С утра Илья Алексеевич явился в штаб Отдельного корпуса жандармов на Фурштатской в кабинет Брусникина. Полковник весьма любезно встретил сыщика, хотя и выглядел озабоченным: из утренних газет следовало, что после вчерашней выходки у Коммерческого банка министр финансов Витте получил ультиматум с требованием остановить реформу. По пути сюда Илья Алексеевич слышал, как мальчишки-газетчики выкрикивали сенсационные заголовки: «Народовольцы шантажируют правительство!», «Формула профессора Горского обрушит рынок!», «Правительство собирается на срочное заседание!».
На столе Брусникина стояли ящики со слитками, доставленные из третьего участка Спасской части.
Глебова сидела на стуле, уставившись в окно. Появление Ильи Алексеевича оставило ее безучастной.
– Мы задержали вашего «фальшивомонетчика», – начал Илья Алексеевич. – Им оказался Гриша Капай, помощник Гали-Дудки, мошенницы из Одессы, проводившей здесь медиумические сеансы под видом мадам Энтеви. К смерти Крючина, равно как и к смерти профессора Горского, он не причастен.
Глебова бросила взгляд на сыщика, в котором презрение мешалось с удивлением, и снова отвернулась к окну.
– Столько смертей ради идеи о всеобщем счастье…
– Сколько? – вдруг вспыхнула революционерка. – Две?
– Если считать мадам Энтеви, то – три.
– Да пусть будет хоть сто тридцать три! Пятьсот тридцать три! Миллион тридцать три! – глаза арестованной загорелись нездоровым блеском. – Что вы причитаете, как старая бабка, Ардов?! Новый мир создается с кровью! И нет той цены, которую не мог бы заплатить настоящий патриот, чтобы купить за нее подлинную свободу для всех.
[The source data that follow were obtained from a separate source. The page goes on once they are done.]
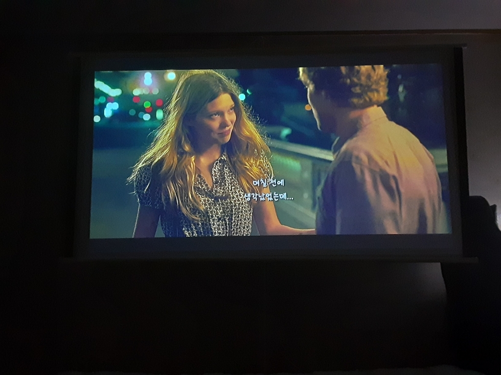 lg ph550 프로젝터에 물려서 사용했습니다 방에 설치했고 암막커튼으로 빛 가림 후 사용하였습니다
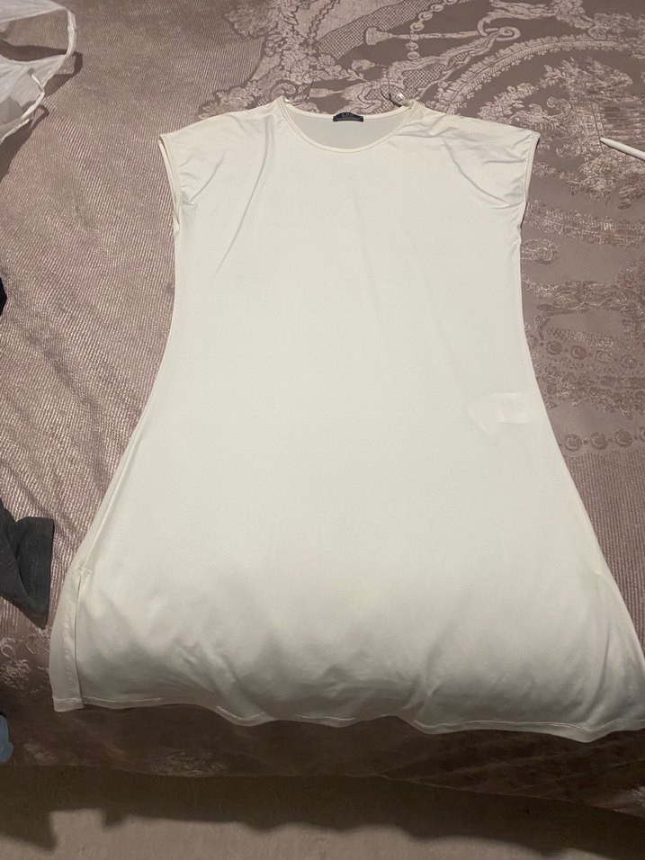 Beyaz keten kumaştan, kısa kollu, tek renk ve sade tasarımlı hamile midi elbise. Tekneden ilham alan yaka ve günlük kullanıma uygun minimal stil sunar.
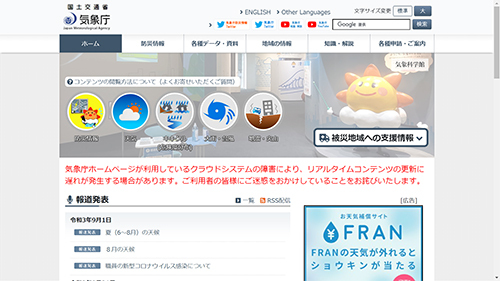 今回の障害で気象庁は同日、「リアルタイムコンテンツの更新に遅れが発生する場合がある」とのコメントをホームページに掲載。NTTドコモは、dメニューやdマーケットなどの一部サービスが、同日午前9時ごろから一時利用しづらくなったと発表した。(齋藤秀平)

Свободу, счастье и справедливость.
Илья Алексеевич не ожидал такого напора. Он обратил растерянный взгляд на Брусникина, который молча сидел за столом и что-то писал. Полковник закатил глаза к потолку, как бы говоря: «Ну что вы хотите? Вас предупреждали, революционеры – поголовные психи».
– Зачем же вы всё это затеяли, если в итоге формула не работает? – искренне удивился Ардов; он все никак не мог поверить, что тот кровожадный раж, в который прямо на его глазах неожиданно впала подозреваемая, является не формой театрализации и истинной сутью этой весьма симпатичной особы.
– Почему это «не работает»? – обеспокоилась Глебова.
Илья Алексеевич зачерпнул из коробки пригоршню слитков и бросил на стол.
– Да потому, что это не золото, а свинец.
Арестантку это заявление если и смутило, то лишь на мгновение – она тут же овладела собой.
– Нам просто не хватило времени, чтобы изготовить достаточное количество, – снисходительно ухмыльнувшись, пояснила она. – Уж поверьте, скоро мы утопим этот мир в золоте!
– Где же эта формула? – простодушно спросил Илья Алексеевич.
Глебова принялась зло хохотать.
– Формулу захотели? Вот вам! – Она показала Ардову пальцы, сложенные особым образом в неприличную фигуру. – Ничего вы не получите! Ваша прогнившая власть пойдет ко всем чертям!
– Статья 296-я «Уложения о наказаниях», – вступил в разговор Брусникин. – «Распространение ложных слухов с намерением спровоцировать сопротивление законным властям». До 8 лет каторги с лишением всех прав состояния.
– Да почему «ложные»-то? – Глебова, кажется, даже обиделась. – Говорю же вам – формула в надежных руках! И как только истечет срок, данный правительству для ответа, мы завалим золотом всю Россию – и уже не крашеным, а самым настоящим. Нас не остановить! Моя смерть ничего не изменит!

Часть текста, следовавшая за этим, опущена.